3. **Grounding check** — every topic name, table name, file path, and endpoint is verified against code, or omitted. Nothing guessed.
4. **TOML coverage check** — every `[section]` in `config/vigilar.toml` is covered in the operator guide's configuration reference.
5. **Subsystem coverage check** — every subdirectory in `vigilar/` (matching the 12-file list) has a corresponding subsystem doc.
6. **Read-through pass** — tone and terminology consistent across all files.
7. **README link check** — all doc tree links in `README.md` resolve.
## 11. Out of scope (explicit)
- `LICENSE` file creation (the README declares GPL-3.0; creating the file is a separate request).
- Screenshot/image creation (placeholders only).
- MkDocs configuration.
- Any code changes.
- Any changes to `docs/camera-hardware-guide.md`.
- Any doc-linting CI.
- Recording-backup-to-NAS feature or docs beyond the "planned" note.
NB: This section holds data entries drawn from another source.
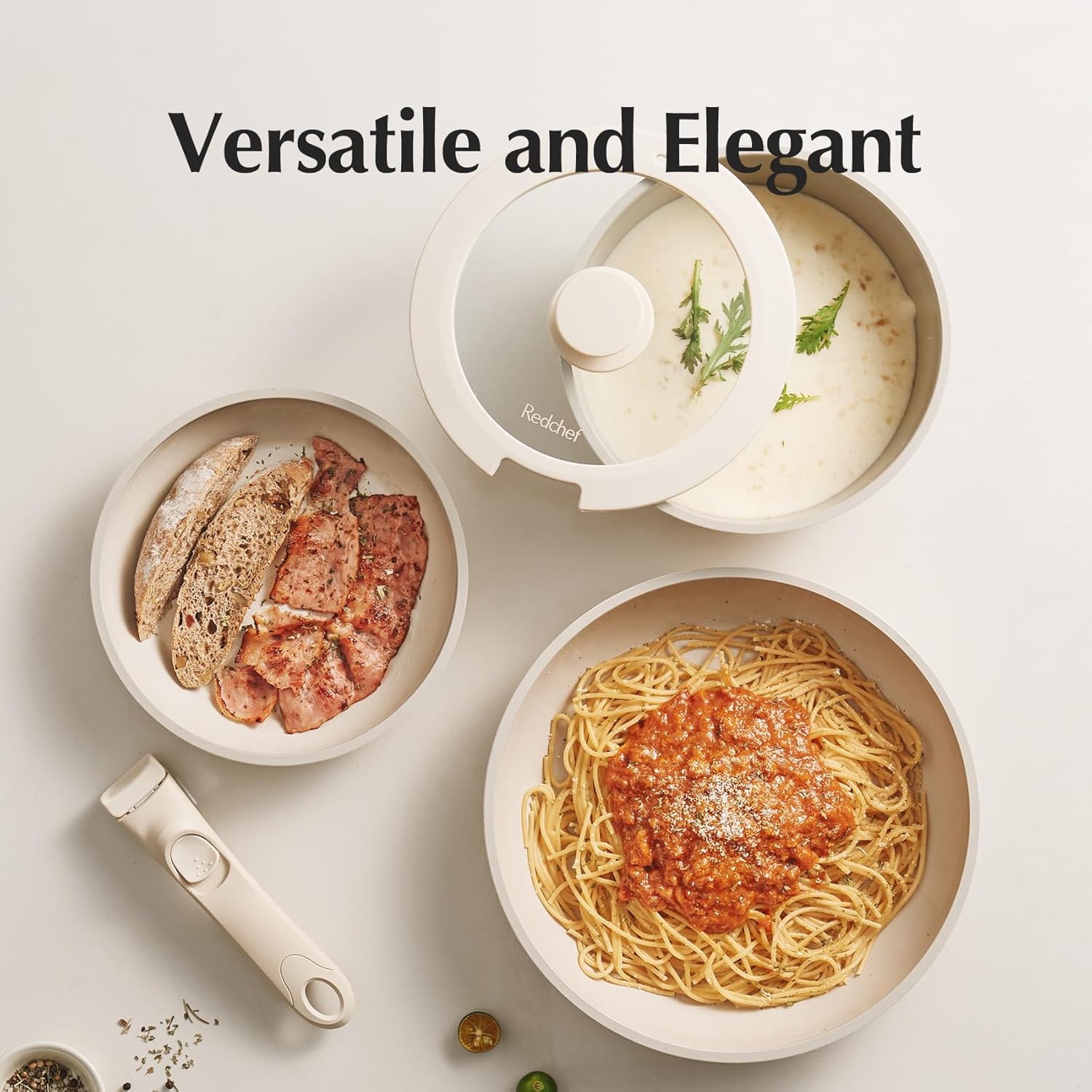 Introducing the Redchef Ceramic Pots and Pans Set, the ultimate solution for all your cooking needs! This 5-piece cookware set is designed to revolutionize your kitchen experience with its innovative features and superior quality.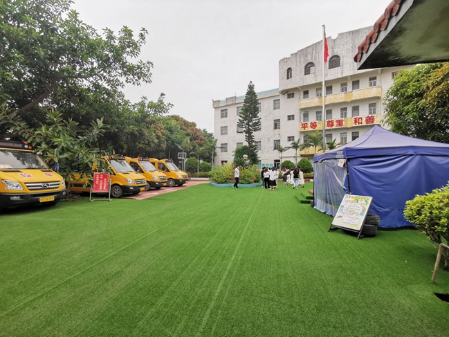 第一站,志愿者們首先來到了翔安區(qū)特殊教育學校,美麗的綠地,整潔的校車與教學樓,令人眼前一亮。
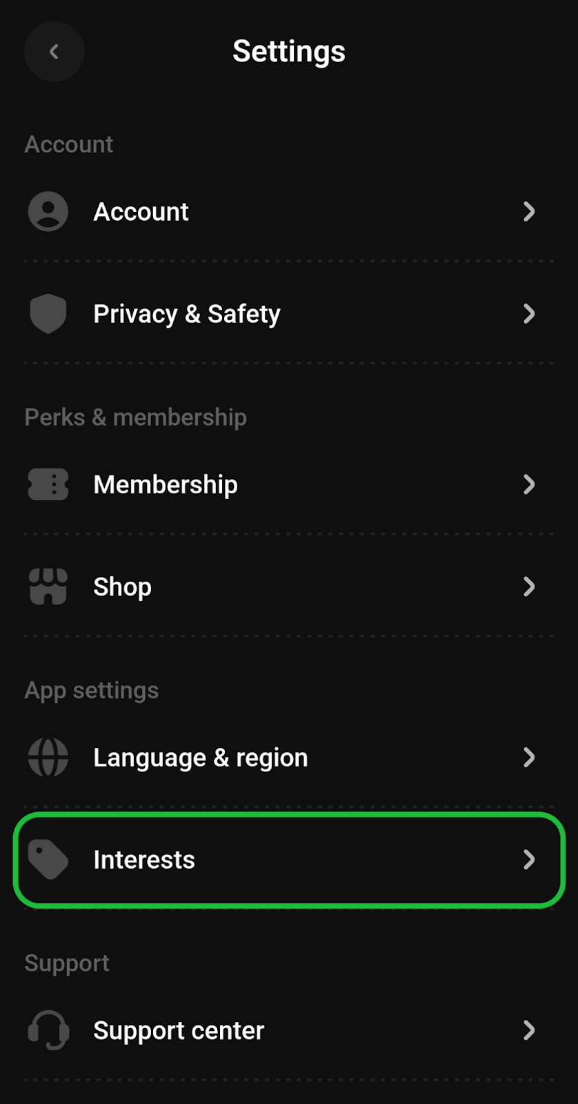Important: Interests will vary depending on the region you’ve selected for your discovery page.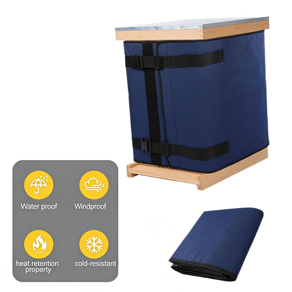 Feature:【Reliable and Durable】 Constructed from 600D Oxford cloth and insulation, the bee hive wrap effectively blocks rain, snow, wind, and UV rays, preventing moisture buildup, and sun damage. Offer superior waterproofing, windproofing, and warmth.【Winter Hive Protection】The high quality insulation design retains heat during cold winters, keeping the hive temperature stable and reducing the bees' energy consumption for thermoregulation.【Reusable Design】Made from durable, washable material, this wrap is reusable for multiple seasons—simply clean it with water and mild soap after use, and it will maintain its protective performance. Say goodbye to disposable wraps and save money in the long run.【Easy To Install】Equipped with heavy-duty Velcro straps and reinforced grommets, the beehive wrap can be installed in just 5 minutes without any tools, making it easy for beekeepers to perform routine maintenance and upkeep.【Universal Application】Specifically designed to fit both standard 8-frame and 10-frame beehives, eliminating the hassle of measuring and cutting irregular materials. The wrap's adjustable edge design ensures a snug fit around hive bodies, providing a cozy and insulated shelter for your bees during the winter months.Specification:Name: Bee Hive Winter CoverMaterial: 600D Oxford-clothColor: Gray, Black, BlueSize: 193*60cm/75.9*23.6inPackage Included:1 * Bee Hive Winter Cover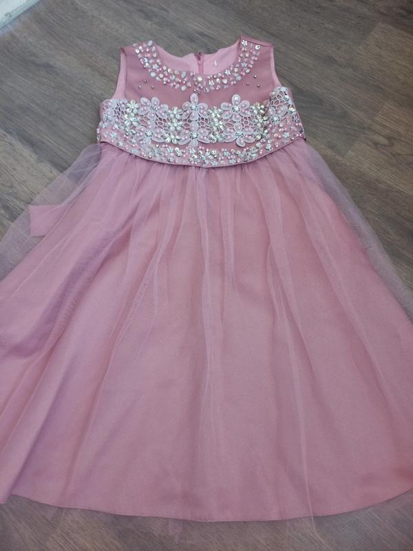 Платье на 9-11 лет, длина 79-85 см, по талии 33 си, от плеча до пояса 28 см, верх вишитий стразами та бусинами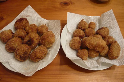 里芋の出荷がはじまりました~今年の芋は ま~るくって形の良いのが多くて良好です毎年、周年栽培の水菜と平行して里芋の出荷も行なうので、これから年末まで里芋専門で短期のパートさんに来てもらいます。今年も7名ほど。数名は毎年同じ方です。里芋が始まると 年末に向かって忙しくなります。ああ、もうそんな時期なんだな~ 冬が近づいているんだな・・・祝日でお休みのエナンと 里芋コロッケを作りました。 お弁当用に一口サイズと実家のおばあちゃんにもあげると言っていつもたくさん作ります。あ、写真の他にもう一皿ありますよおいしかったです~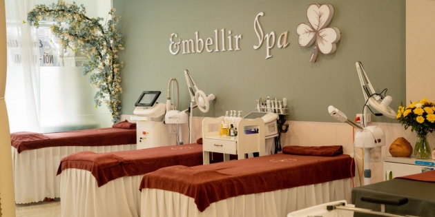 Dành cho những ai đang tìm kiếm một không gian yên bình để làm đẹp và cân bằng lại cơ thể sau những căng thẳng thường nhật, Embellir Spa mang đến chuỗi dịch vụ chăm sóc toàn diện với massage, dưỡng da, trị mụn - nám, phun thêu thẩm mỹ… Từng bước trong liệu trình đều hướng đến sự thư giãn sâu, nuôi dưỡng vẻ ngoài từ tự nhiên và nâng niu từng giác quan.
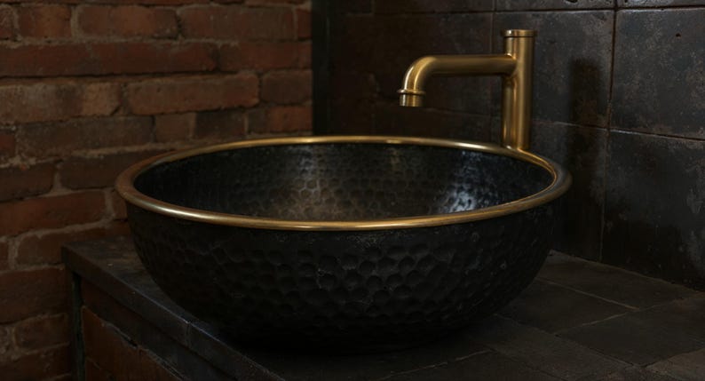 Hammered Honeycomb Brass Vessel Sink – Matte Gold and Black Finish

- Migration documentation beyond noting whether migrations exist.
## 12. Success criteria
- A new homeowner can go from a bare mini PC to working cameras on their phone using only `README.md` + `docs/home-user-guide.md`.
- A self-hoster can answer any "how do I configure / back up / upgrade / troubleshoot" question from `docs/operator-guide.md` alone.
- A new contributor can identify which subsystem owns a given behavior within 5 minutes using `docs/architecture/overview.md` + the subsystem files.
- Every claim in every doc is either verified against current code or explicitly flagged.